VIVA: VLM-Guided Instruction-Based Video Editing with Reward Optimization

TL;DR

This work tackles the generalization gap in instruction-based video editing caused by reliance on simplistic paired edits. It introduces VIVA, a framework that couples a VLM-based instructor with a diffusion-based editor and a post-training Edit-GRPO stage to improve instruction fidelity, content preservation, and aesthetics. A large synthetic data pipeline and LoRA-enhanced RL optimization enable robust, open-domain edits, including reference-image control, yielding superior results on the VIE-Bench and competitive performance with a commercial model. The approach advances controllable, high-quality video editing with strong generalization to complex real-world instructions. This has practical implications for flexible, user-guided video editing in media production and personalization tools.

Abstract

Instruction-based video editing aims to modify an input video according to a natural-language instruction while preserving content fidelity and temporal coherence. However, existing diffusion-based approaches are often trained on paired data of simple editing operations, which fundamentally limits their ability to generalize to diverse and complex, real-world instructions. To address this generalization gap, we propose VIVA, a scalable framework for instruction-based video editing that leverages VLM-guided encoding and reward optimization. First, we introduce a VLM-based instructor that encodes the textual instruction, the first frame of the source video, and an optional reference image into visually-grounded instruction representations, providing fine-grained spatial and semantic context for the diffusion transformer backbone. Second, we propose a post-training stage, Edit-GRPO, which adapts Group Relative Policy Optimization to the domain of video editing, directly optimizing the model for instruction-faithful, content-preserving, and aesthetically pleasing edits using relative rewards. Furthermore, we propose a data construction pipeline designed to synthetically generate diverse, high-fidelity paired video-instruction data of basic editing operations. Extensive experiments show that VIVA achieves superior instruction following, generalization, and editing quality over state-of-the-art methods. Website: https://viva-paper.github.io

Figures (14)

• Figure 1: Example results generated by VIVA in comparison with Runway Gen-4 Aleph runway2025aleph. Our method supports instruction-based video editing with an optional reference image as input (shown as the inset teddy bear in the first row).

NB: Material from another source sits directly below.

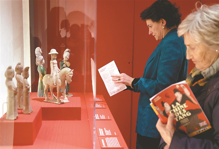 “中国·唐——一个多元开放的朝代(7至10世纪)”展览近日在法国吉美国立亚洲艺术博物馆开幕。图为人们在观看展览中的中国文物。 新华社记者 高静 摄

Runway Gen-4 Aleph over-completes the editing instruction, removing both the hand and the cigarette entirely, and fails to preserve the identity of the teddy bear.
• Figure 2: Overall pipeline of VIVA. A context-aware VLM instructor encodes the system prompt, instruction, first frame of the source video, and an optional reference image into VLM tokens. A trainable token refiner aligns these tokens to the pretrained DiT latent space. The VAE encodings of the source video and optional reference image are added to the noisy latent to form context-aware noise tokens. Finally, the DiT denoises these tokens under VLM guidance to generate the edited video.
• Figure 3: Overall pipeline of Edit-GRPO. We inject stochasticity via Flow-SDE liu2025flowgrpo to generate diverse samples, score them with our reward system, and compute a GRPO loss from the resulting relative advantages to update the model. For efficiency, we optimize a LoRA instead of full fine-tuning.
• Figure 4: Qualitative comparison of the instruction-based video editing on the VIE-Bench mou2025instructx dataset. The editing instruction corresponding to each group of results is shown at the bottom.
• Figure 5: User study results. We conduct 1-to-1 paired comparisons. Win indicates users prefer ours better than baseline, vice versa. Tie indicates there is no significant difference. Numbers are reported in percentage.